Both Harding and Kerrigan signify championship figure skaters, but the same signifiers have different signifieds. Even though both women come from similar economic situations, the rhetoric surrounding them is built upon the issue of class which obfuscates the more volatile construction of femininity. A semiotic analysis demonstrates how Kerrigan is represented in terms of her "lady-like" manner as an acceptable "patriarchally constructed" image of femininity (Kaplan 1992, 254). At the same time, Harding is destroyed by representations of her athletic body, rough demeanor, and personality that place her in opposition to Kerrigan's femininity. As television news generates a rich semiotic text through codes of language, sound, and images, the identities of Kerrigan and Harding as celebrity women athletes are affected through the cultural practices of broadcast journalism.



“Villianizing The Other: The Semiotic Demise Of Tonya Harding”


                This study is a critical analysis of network evening news broadcasts covering the 1994 incident involving figure skaters Nancy Kerrigan and Tonya Harding. Through semiotic methodology, the Harding/Kerrigan story is examined as a text that structures information through language, sound, and images. The study examines how meaning is generated through the discursive practices of television news production with a particular focus on the signification of cultural capital.

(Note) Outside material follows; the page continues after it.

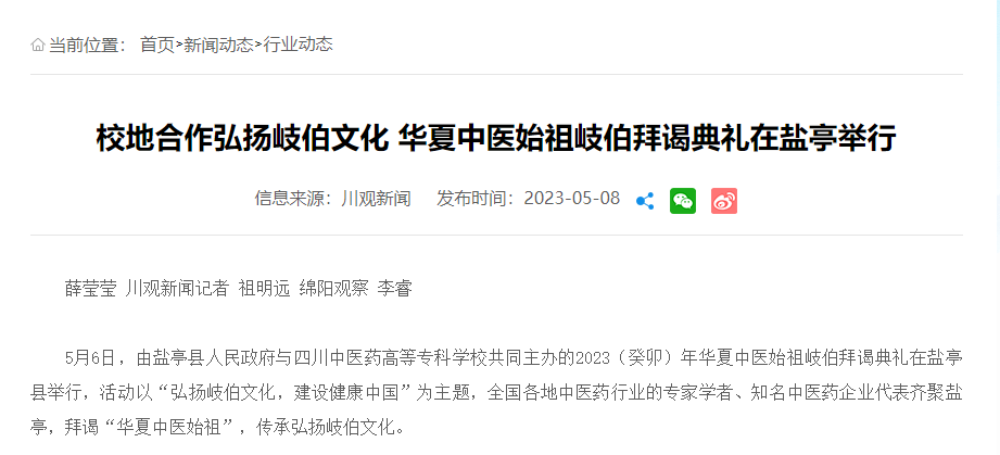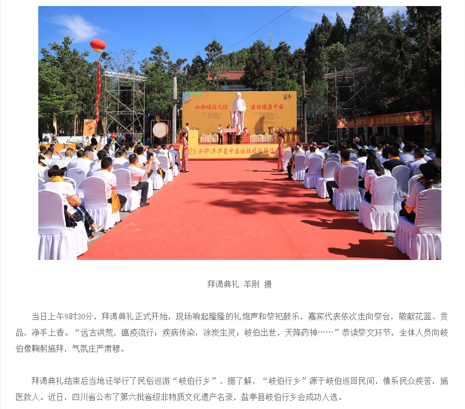 上一篇: 中央广电总台国际在线:弘扬岐伯文化 建设健康中国 2023年华夏中医始祖岐伯中医药发展研讨会在绵阳盐亭举行

        Since electronic mass media constitutes a leap in the historical evolution of human communication, television news inhabits a special context for life's stories with its claim to represent reality. As a twentieth century epistemic framework, news media lend order to knowledge of the world that substitutes for direct experience. The discursive practices of broadcast journalism construct cultural identities through a language of technology and representational images which confer meaning upon events in the world. This study deconstructs the semiotic elements of the Harding/Kerrigan story. The analysis of the narrative demonstrates how two women, as signifiers of US Olympic figure skating, are signified in bipolar opposition to each other.

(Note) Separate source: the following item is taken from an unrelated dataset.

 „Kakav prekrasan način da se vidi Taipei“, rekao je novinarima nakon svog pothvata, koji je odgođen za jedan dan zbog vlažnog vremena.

 The material practices of broadcast journalism are explicated to show how they contribute to the ideological maintenance of community identities. Exploring the concepts of habitus and cultural capital demonstrate the use of theory in grounding research and making sense of everyday experience. This is the application of social theory into the practical realm of television news production.

Bourdieu's notion of "cultural capital" legitimizes individuals and social institutions with the capacity to exercise influence and ideological domination in society. Celebrities in the news focus attention on social issues, but TV news conceals ideology with technique, technology, and narrative structures. As a manifestation of habitus, the culture of broadcast journalism renders television news in practice, as a cultural way of structuring communication.


Critical reflection on the Tonya Harding/Nancy Kerrigan story revealed the importance of evaluating the culture that produces such mediated events. While obfuscating other legitimate concerns in the news, the appeal of cultural capital exploits curiosity and amplifies intrigue. Patterns of news coverage in the Harding/Kerrigan story exposed the habitus of broadcast journalism as a cultural institution with a powerful hegemonic voice that can influence the social order of community.